Жертва вечерняя
Шрифт:
Степа остановился.
— Но что?.. Ты заметил что-нибудь…
— Он слишком мало развит, Маша, для своих лет. Миссис Флебс ничего с ним не говорит. Она слишком сурова…
Степа не договорил. Он не хотел меня огорчать; но я очень хорошо поняла, что ему не понравилось: как держан мой Володька.
Да, как он держан? Видела ли я его раз в неделю, в последнее время? Не знаю. Вставала я в то время, когда миссис Флебс уводила его гулять, а потом целый день меня не бывало дома. Кое-когда я слышала из детской его хныканье. Вот и все. У меня совсем не было сына.

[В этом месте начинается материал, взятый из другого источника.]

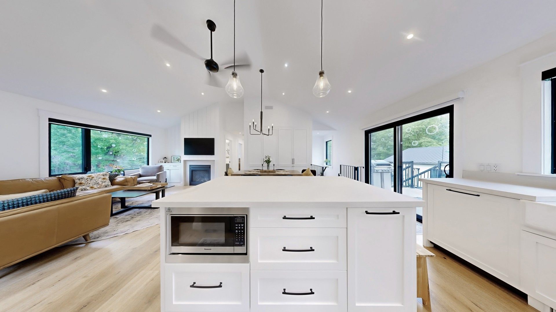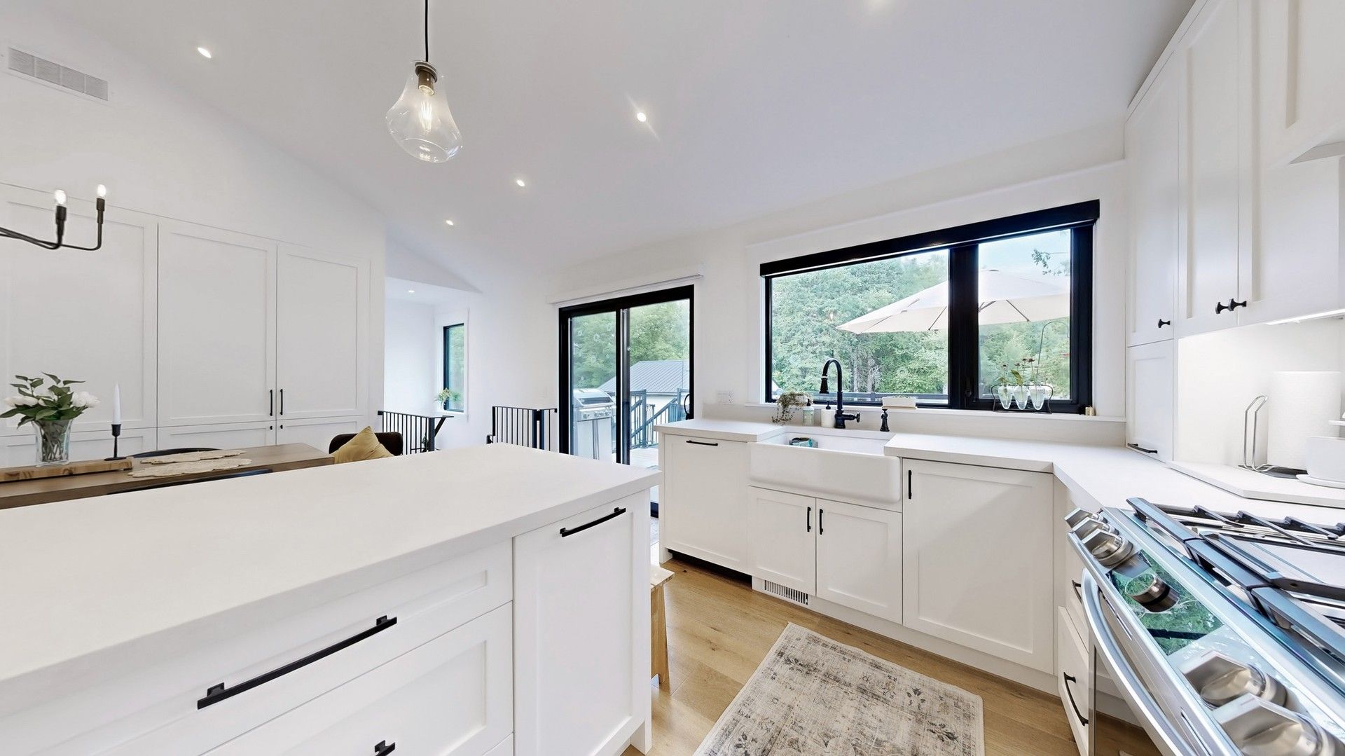 Welcome to this stunning, open concept, 2 bedroom, 3 bathroom bungalow nestled on a private ravine lot. With direct access to nearby hiking trails and surrounded by mature trees, this home offers a rare combination of tranquility and modern living. The main floor features vaulted ceilings, elegant white oak hardwood, custom cabinetry throughout and pot lights that create a bright, welcoming atmosphere. The thoughtfully designed kitchen opens onto a spacious deck with stairs that lead down to large back yard. This gem has been fully renovated, electrical, plumbing, roof, siding, windows, doors, new appliances (all done 2023) the home is generator ready with natural gas hook up. There is a natural gas hook up for your bbq perfect for entertaining. A finished basement provides additional living space with endless possibilities such as a home office, media room or playroom. Smart outdoor security cameras add peace of mind. With 2 driveways and plenty of parking, this property is as functional as it is beautiful. Enjoy great tasting water throughout the house with a comprehensive, low-maintenance water system that includes a saltless water softener, uv light purification and sediment and carbon filters. Water testing done in june 2025, results available upon request. Buyer and buyer agent to verify all measurements and taxes.
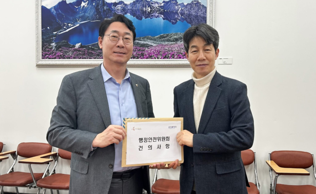 NSP통신-정명근 화성시장(왼쪽)이 국회 행정안전위원회에 일반구 신설 건의안을 제출하고 있다. (사진 = 화성시)
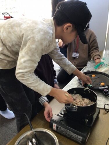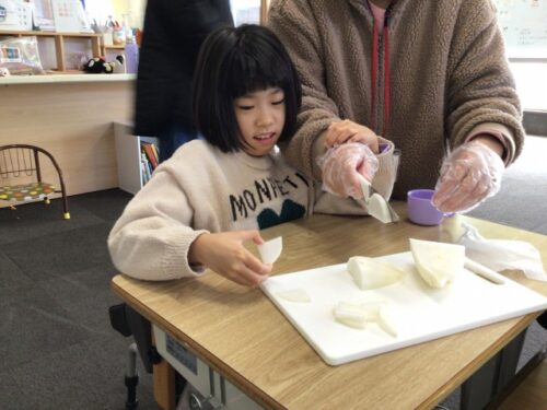 お肉や七草、野菜を包丁を上手に使って切ってくれました♪
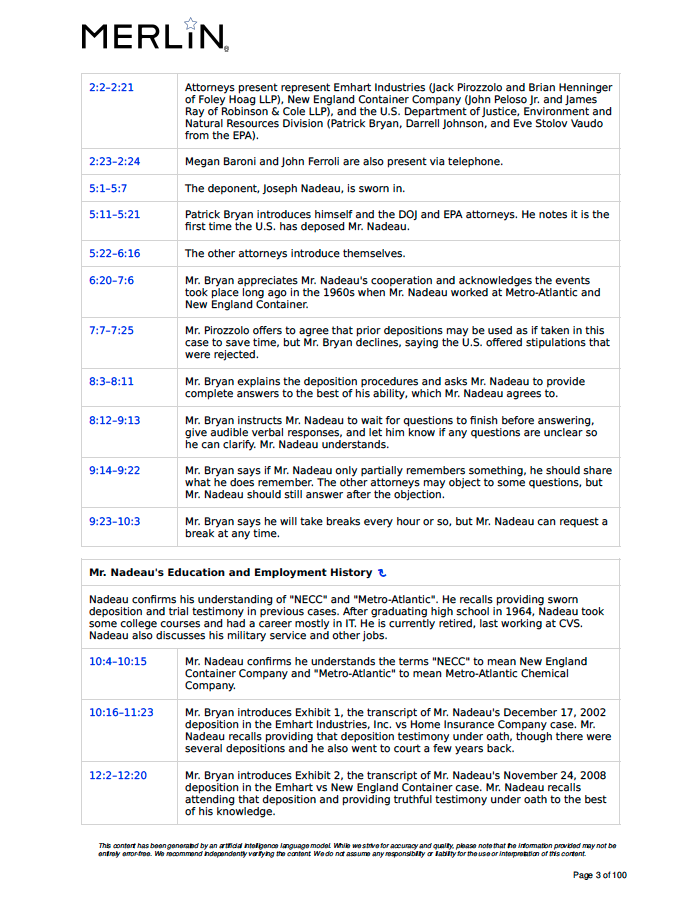 Within each section, TranscriptPartner summarizes admissions and testimony at the page-line level, offering direct references and quick access to specific statements for simplicity.

Степа никакого мне выговора не дал, а я сильно-таки застыдилась. Я почувствовала, что, о чем бы мы ни заговорили с ним, всегда будет всплывать наружу что-нибудь такое, из чего мне придется краснеть. Степа такой человек, с которым ни лгать, ни выворачиваться
Перечитаю-ка я все его письма из-за границы, взвешу каждое слово. Это мне поможет изучить его.
Зачем я употребила это скверное слово? Оно мне напомнило Домбровича и его житейскую теорию.
Как мне ни хотелось в этот вечер изливаться перед Степой, он все-таки не допустил… Ему не хочется теперь интимных разговоров. Он бережет меня. Посидел полчасика, дождался визита Зильберглянца и уехал вместе с ним.
11 апреля 186*
Вечер. — Понедельник
Я совсем здорова. Каталась сегодня в карете. Ем хорошо и тихо сплю.
Домбрович был еще раз. Его не приняли. Я посоветовалась со Степой. Он мне сказал:
— Напрасно ты это делаешь, Маша. Ты избегаешь его, как трусливая девочка. Что он такое за вампир? Ты не хочешь объяснений, я это понимаю. Прими его при ком-нибудь.
— При тебе, Степа, ты позволишь?
— Хоть при мне.
В первый раз мы говорили со Степой о моем прошедшем и о Домбровиче. Я запишу здесь слово в слово то, что сказал Степа:
— Знаешь ли, Маша, — начал он, — что если б у тебя была похолоднее натура, знакомство с Домбровичем принесло бы тебе огромную услугу.
— Услугу?!
— Да. Даже теперь я вижу, что твой ум возбужден неизмеримо больше, чем это было два года тому назад. Я вижу, что по твоей интеллигенции (у Степы тоже свои слова) прошлась рука опытного мастера. Я не хочу вдаваться с тобой, Маша, в философские разглагольствования; скажу тебе попросту: не то беда, что Домбрович и люди его сорта не понимают молодых стремлений и клевещут на них, не то беда, что они не обучались естественным наукам; но они развратники и лжецы. Я, Маша, стал нынче снисходителен до гадости, но все-таки скажу это. Они развратники и как частные люди, и как общественные деятели, потому что никаких основ у них не было и нет, кроме совершенно внешних увлечений таланта и праздного ума. Лжецы они опять-таки вдвойне: в домашней жизни и пред глазами всего общества. Лгать для них такая же потребность, как теперешней генерации добиваться правды. В этом они, если хочешь, не виноваты. Все их умственное и душевное воспитание вышло из красивой, увлекательной лжи. Домбровичу теперь, вероятно, лет сорок пять. Он — человек сороковых годов. Их образцы доживают теперь свой век во Франции. Видел я их вблизи: они написали много талантливых вещей, но все-таки весь свой век лгали и теперь лгут. Высочайших эгоистов ты встретишь в их среде. Эгоизм доведен у них до художественности, до целой системы. Эту систему г. Домбрович тебе преподал очень старательно, сколько нужно было для твоей светской жизни. Мы еще вернемся с тобой к этой пункту; а теперь, чтобы показать тебе, до какой степени может простираться в них ложь на самые серьезные факты жизни, я тебе приведу ходячий рассказ о том, что г. Домбрович, наезжая сюда, в Петербург, одну зиму рассказывает, что у него пять человек детей, другую, что у него никогда не было детей, третью, что он и женат никогда не был. И действительно, даже в литературном мире наверно не знают: женат ли Домбрович или нет.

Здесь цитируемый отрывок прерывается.